__EXERCISE DETAILS__. Below is a listing from which only part is wanted; return exactly the lines from the one with "二階堂裕さんは「スズキファン" up to and including the one with "3、板块清晰,发现、小虎、购车分类明确,用户查找品牌资讯高效,信息获取便捷。".

__THE RECORDS__.
==========
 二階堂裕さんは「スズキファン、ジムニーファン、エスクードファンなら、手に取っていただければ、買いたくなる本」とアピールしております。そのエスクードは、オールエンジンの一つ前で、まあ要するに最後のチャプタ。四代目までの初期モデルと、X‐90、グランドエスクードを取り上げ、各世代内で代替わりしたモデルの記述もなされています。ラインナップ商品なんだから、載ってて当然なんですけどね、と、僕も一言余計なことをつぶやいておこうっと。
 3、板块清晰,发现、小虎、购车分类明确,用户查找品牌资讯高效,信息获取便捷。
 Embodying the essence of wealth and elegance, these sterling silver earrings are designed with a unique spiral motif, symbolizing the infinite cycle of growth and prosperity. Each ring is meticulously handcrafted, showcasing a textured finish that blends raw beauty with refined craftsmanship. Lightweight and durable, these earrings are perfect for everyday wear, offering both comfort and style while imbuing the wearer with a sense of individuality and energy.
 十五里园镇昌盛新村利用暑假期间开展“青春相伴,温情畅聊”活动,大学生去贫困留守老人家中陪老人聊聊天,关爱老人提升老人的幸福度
==========
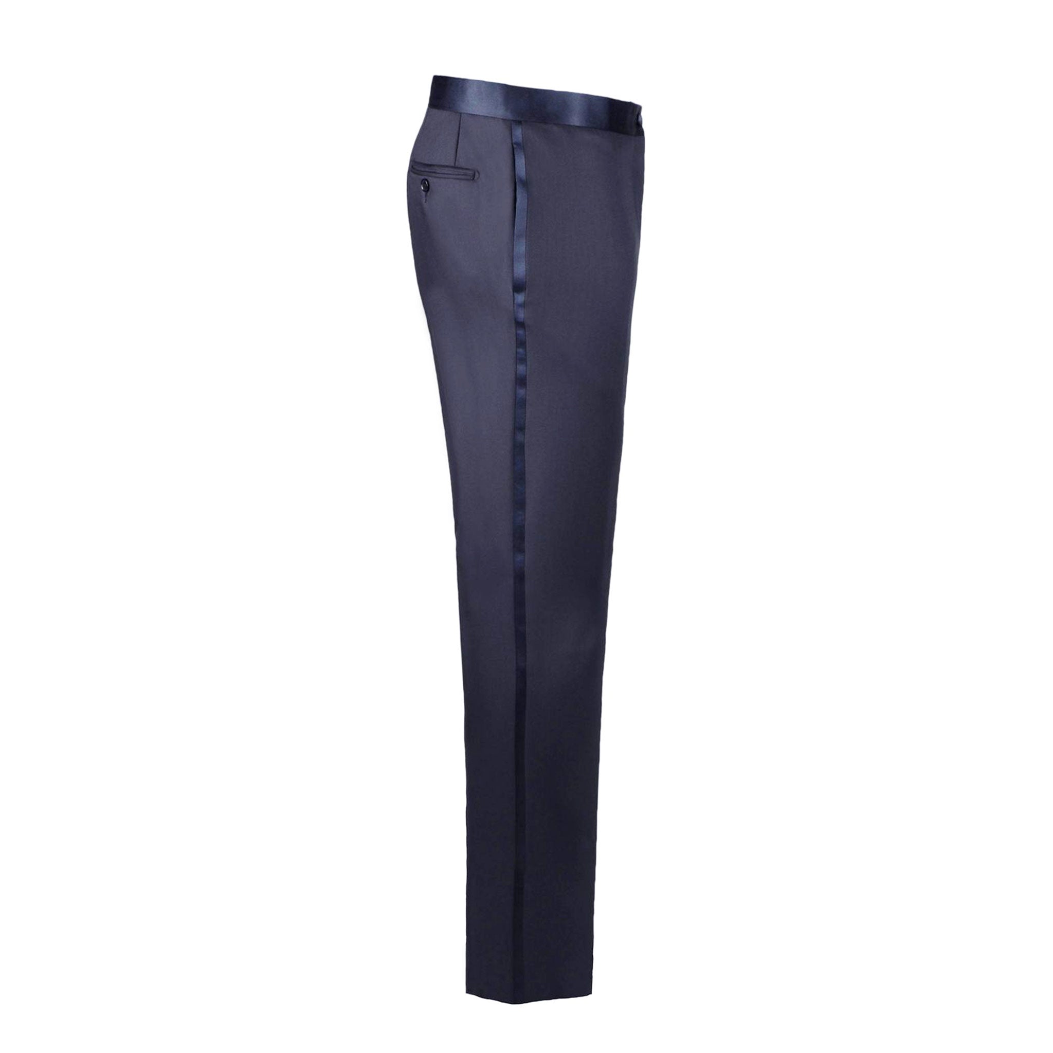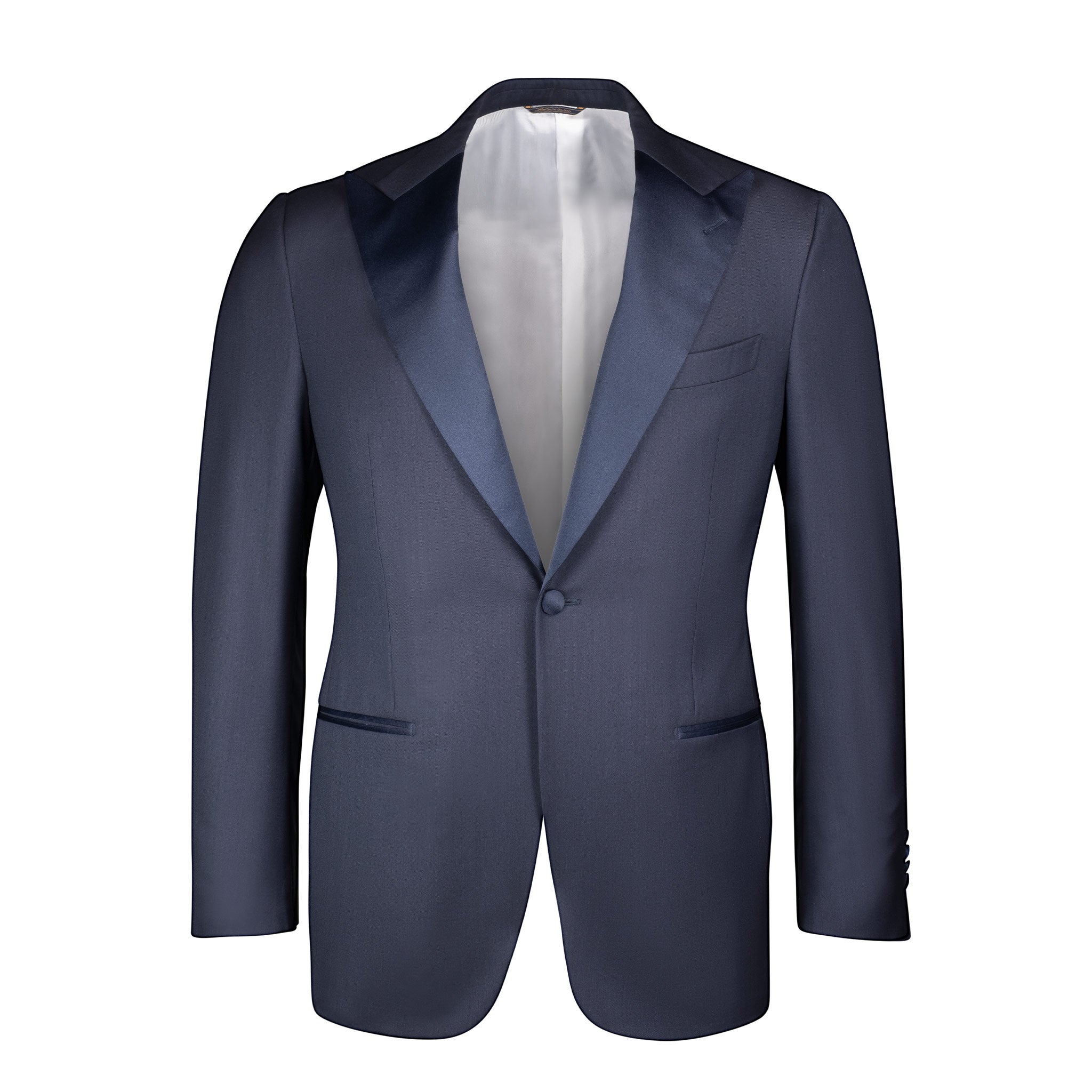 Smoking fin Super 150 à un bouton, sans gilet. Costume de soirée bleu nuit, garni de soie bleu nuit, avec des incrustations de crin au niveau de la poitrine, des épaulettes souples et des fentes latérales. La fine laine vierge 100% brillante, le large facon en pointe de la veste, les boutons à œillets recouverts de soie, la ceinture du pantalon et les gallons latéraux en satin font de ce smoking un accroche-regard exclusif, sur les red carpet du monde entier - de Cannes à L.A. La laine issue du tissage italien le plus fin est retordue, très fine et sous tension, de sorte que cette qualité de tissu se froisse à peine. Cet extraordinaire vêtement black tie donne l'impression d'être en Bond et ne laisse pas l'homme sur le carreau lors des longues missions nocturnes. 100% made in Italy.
==========
__SOLVED PROBLEM__.
 二階堂裕さんは「スズキファン、ジムニーファン、エスクードファンなら、手に取っていただければ、買いたくなる本」とアピールしております。そのエスクードは、オールエンジンの一つ前で、まあ要するに最後のチャプタ。四代目までの初期モデルと、X‐90、グランドエスクードを取り上げ、各世代内で代替わりしたモデルの記述もなされています。ラインナップ商品なんだから、載ってて当然なんですけどね、と、僕も一言余計なことをつぶやいておこうっと。
 3、板块清晰,发现、小虎、购车分类明确,用户查找品牌资讯高效,信息获取便捷。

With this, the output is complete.